Euro-area central banks will swap the Greek bonds in their investment portfolios for similar securities to avoid enforced losses during a debt restructuring, a euro-area official said.
The swap will happen today and is identical to one the European Central Bank carried out last week with the Greek bonds acquired in its asset-purchase program, the official said. The new Greek bonds will be immune to collective action clauses, or CACs, ensuring central banks don’t incur any losses when a private-sector debt write-down takes place, the official said on condition of anonymity. A spokesman for the Frankfurt-based ECB declined to comment.
Announcing a second bailout for Greece earlier today, euro-area finance ministers said part of the deal is for governments to contribute the equivalent of the profits their national central banks make on Greek bonds in investment portfolios. That will reduce Greece’s debt ratio by 1.8 percentage points by 2020 and lower its financing needs by about 1.8 billion euros ($2.4 billion), they said. Ministers didn’t say whether the bonds would be swapped for equivalent assets that are exempt from CACs.
The ECB will also distribute the profits derived from its purchases of Greek bonds to national central banks, who will give the money to their governments to bolster Greece’s aid package, finance ministers said in a statement.
ECB President Mario Draghi has yet to comment publicly on the ECB’s involvement in the wrangling over Greece. The bailout package agreed today aims to reduce the nation’s debt to 120.5 percent of gross domestic product by 2020 from more than 160 percent last year.
Greece wanted the bonds in the national central banks’ portfolios to be included in a private-sector deal aimed at slicing about 100 billion euros off its debt, officials said last week. The central banks argued they would have dumped the bonds if they were normal investors and that they shouldn’t be forced to take losses on them.

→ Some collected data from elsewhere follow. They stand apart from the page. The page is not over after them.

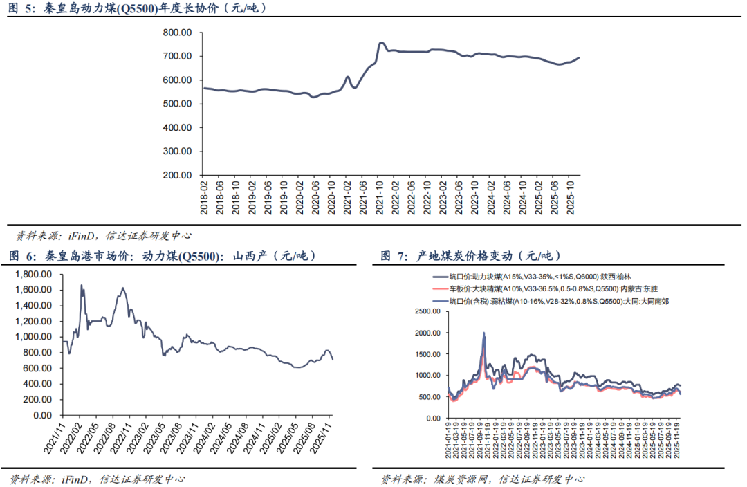 ●长协煤价格:12月,秦皇岛港动力煤(Q5500)年度长协价为694元/吨,月环比上涨10元/吨。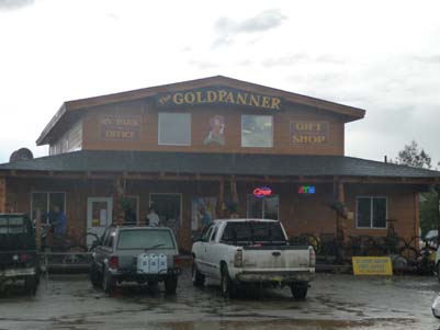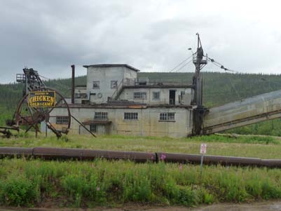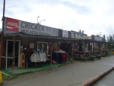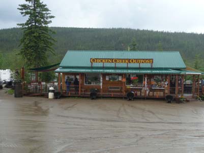 Chicken fut un village de mineur bien avant la ruée vers l’or de la région de Klondike, sa population fut au maximum de 400 âmes. Maintenant elle est d’environ cinquante personnes l’été et six l’hiver ! En réalité ce n’est plus un village mais un ensemble de boutiques et de campings pour attirer le chaland, le camping-cariste, voyageur des temps modernes avec un vaisseau tout confort requérant une connexion électrique de 50A. Cette initiative est due à la très avisée femme d’affaire, Susan Wiren. En grimpant la Taylor Hwy le temps se dégrada je terminais sous la pluie et dans les nuages. Autant dire qu’en descendant du camion je pataugeais dans la gadoue. Je fis le tour des boutiques puis je me réchauffais d’un café américain en consultant ma messagerie à la vitesse d’un train de sénateurs. Je quittais ce lieu sans grand intérêt pour bivouaquer sur la route de gravier. |
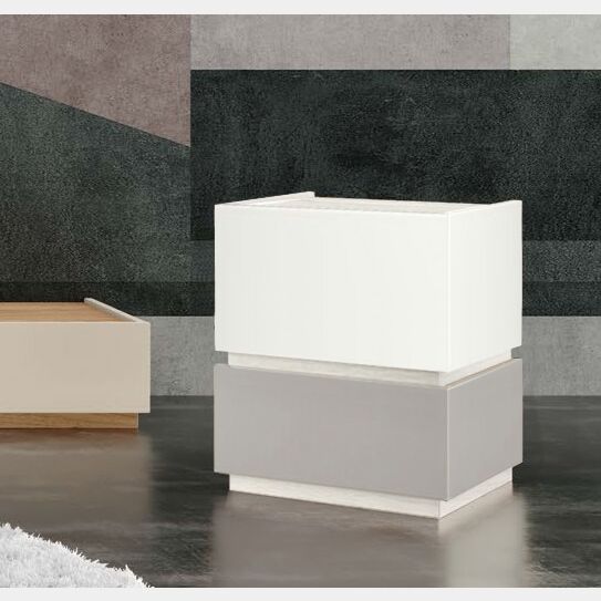 I comodini sono composti da 2 cassetti, il cassetto superiore può essere di finitura diversa rispetto al cassetto inferiori oppure nella stessa finituraIl cassetto superiore è finitura bianco opaco, mentre il cassetto inferiore è grigio seta.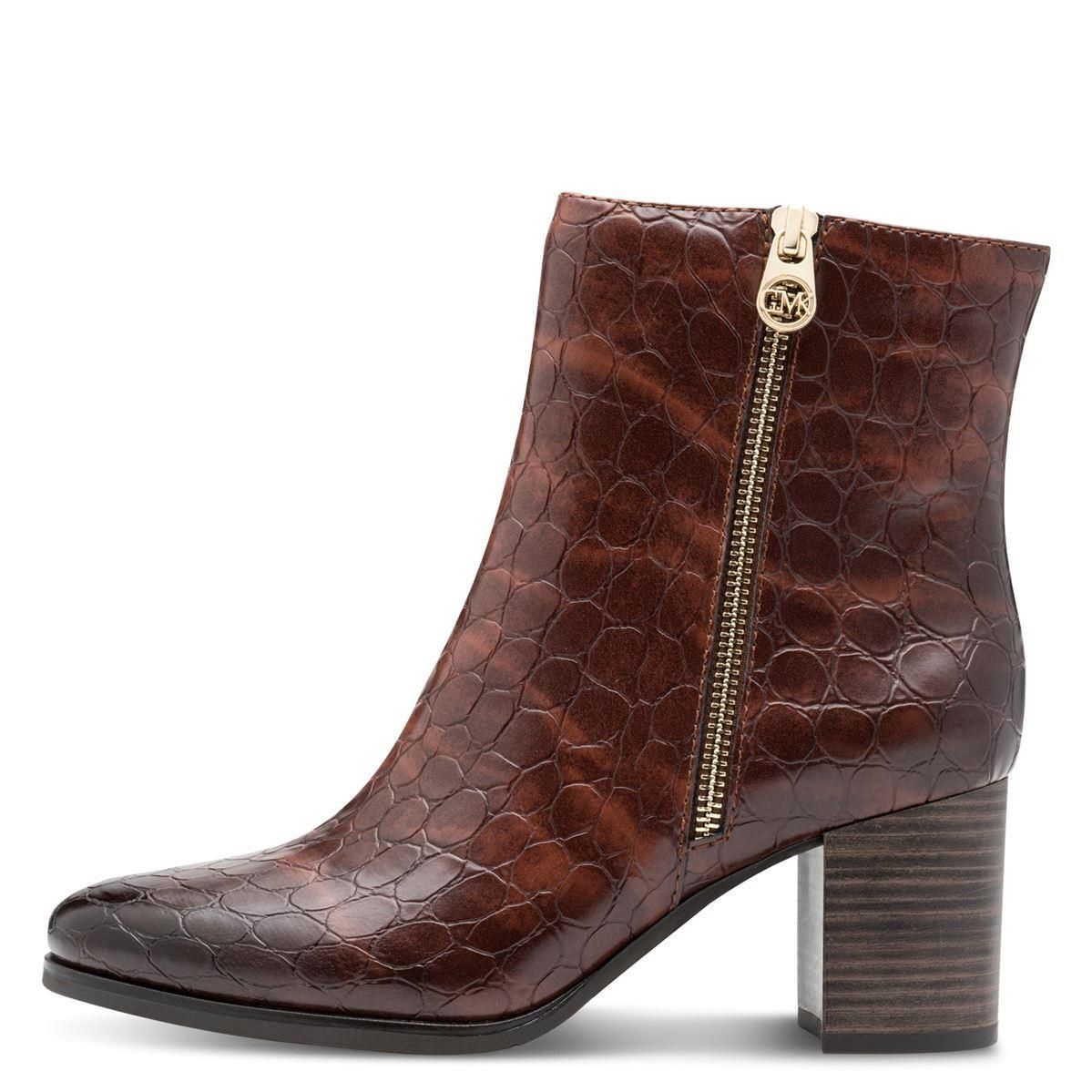 Γυναικεία μποτάκια της εταιρείας MARCO TOZZI με λειτουργικό φερμουάρ εσωτερικά στο πλάι για εύκολη και γρήγορη εφαρμογή. Το εξωτερικό φερμουάρ είναι διακοσμητικό. Εξωτερικά είναι κατασκευασμένα από μαλακό, οικολογικό δέρμα κροκό, ενώ εσωτερικά το πατάκι και η φόδρα είναι γούνινα. Ο εσωτερικός πάτος είναι ανατομικός, πολύ μαλακός, χάρη στην αφρώδη επένδυση, τεχνολογίας feel me. Η σόλα είναι ελαστική και αντιολισθητική. Το ύψος του τακουνιού είναι 6,5 εκατοστά. Σικάτα και μοντέρνα, ποιότητα κατασκευής, άνεση, είναι τα στοιχεία που θα σας κάνουν να τα προτιμήσετε.

CACs typically make all bondholders subject to losing part of their capital in a retrospective action that does not require the assent of all lenders.
The next step will be to prepare legislation that ensures the ECB can continue lending to banks using Greek collateral should rating companies deem the country to be in default while the private-sector swap is taking place. Europe’s rescue fund may provide 35 billion euros to help Greece buy back those bonds, according to a draft law published by Greece on Feb. 12.
Euro-area governments last July agreed on a guarantee for the ECB, which cannot accept bonds with a default rating. The Greek finance ministry said today that the swap will be offered to investors this week. It may take around two weeks to complete.
The value of Greek bonds held by euro-area central banks other than Greece in their investment portfolios is less than 10 billion euros, another euro-area official has said. Not all 17 national central banks in the euro area have Greek bonds in their portfolios. Germany’s Bundesbank doesn’t, another official said last week.